## Exercise description
Within the entries below, please retype exactly the lines starting with the line that has "美记Brandon Robi" and going on through the line that has "关于成立防疫工作小组的通知", but not the pictures.

## The records
<<<<

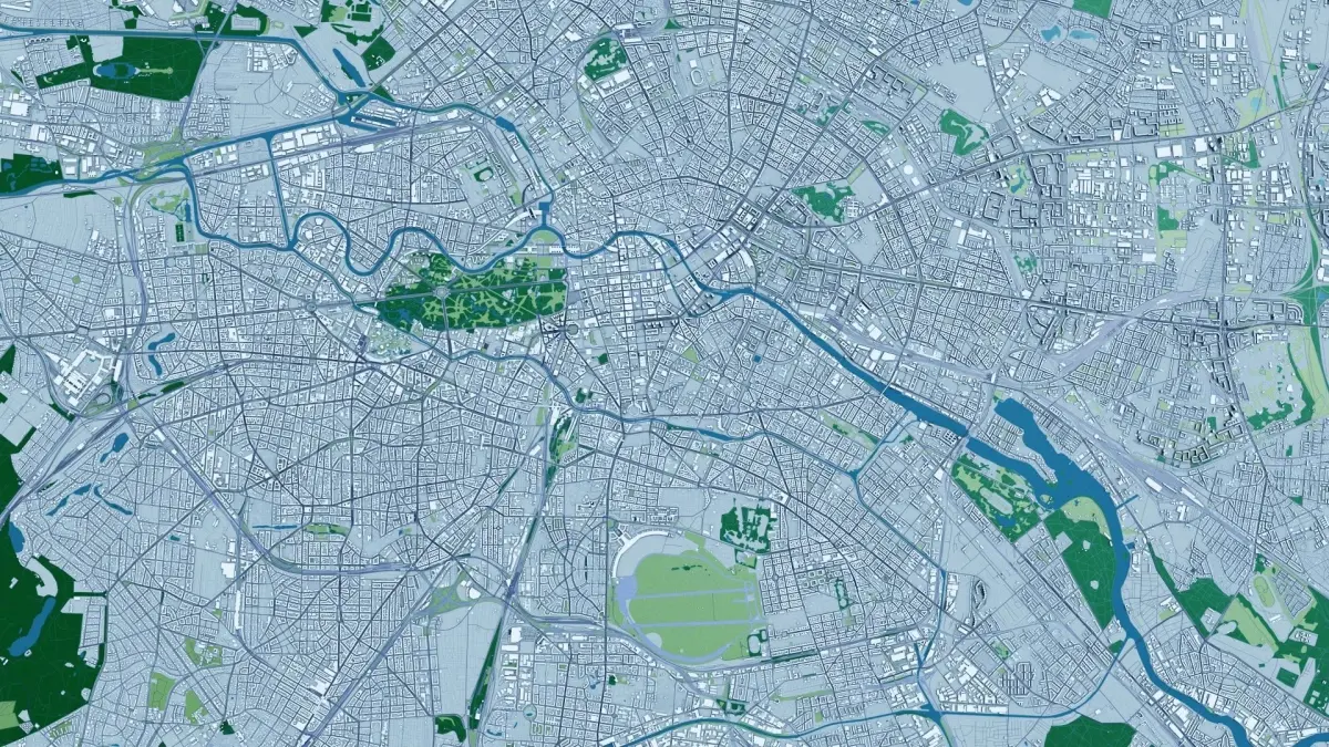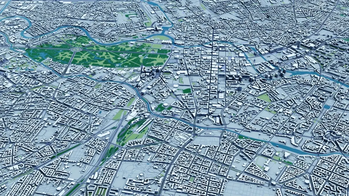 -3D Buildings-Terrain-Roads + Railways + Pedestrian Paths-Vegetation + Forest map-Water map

>>>>
<<<<

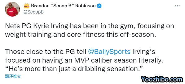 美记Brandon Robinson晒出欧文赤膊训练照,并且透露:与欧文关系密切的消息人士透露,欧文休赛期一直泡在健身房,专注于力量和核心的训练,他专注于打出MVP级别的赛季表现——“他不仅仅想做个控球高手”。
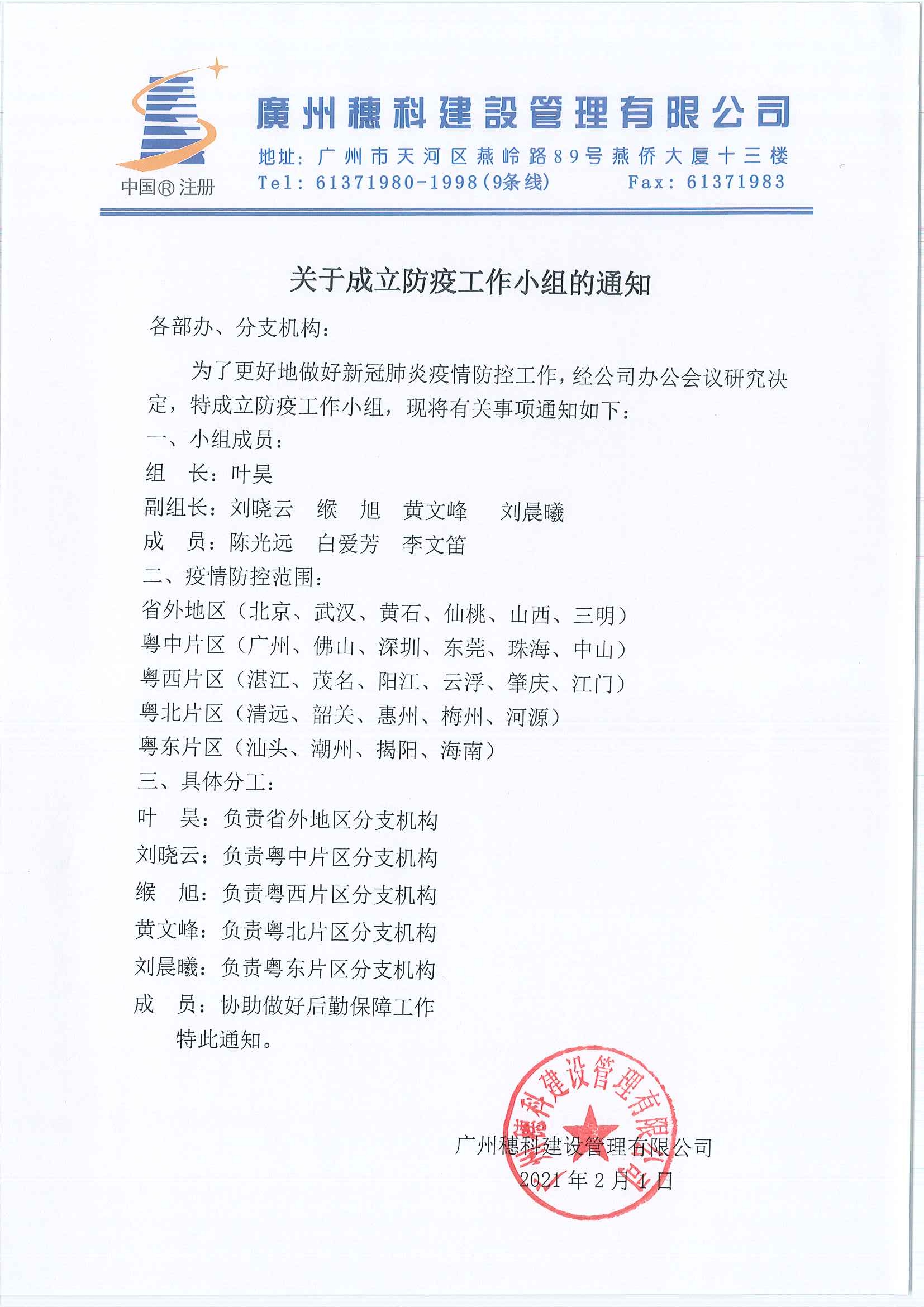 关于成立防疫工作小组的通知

>>>>

## Exercise solution
 美记Brandon Robinson晒出欧文赤膊训练照,并且透露:与欧文关系密切的消息人士透露,欧文休赛期一直泡在健身房,专注于力量和核心的训练,他专注于打出MVP级别的赛季表现——“他不仅仅想做个控球高手”。
 关于成立防疫工作小组的通知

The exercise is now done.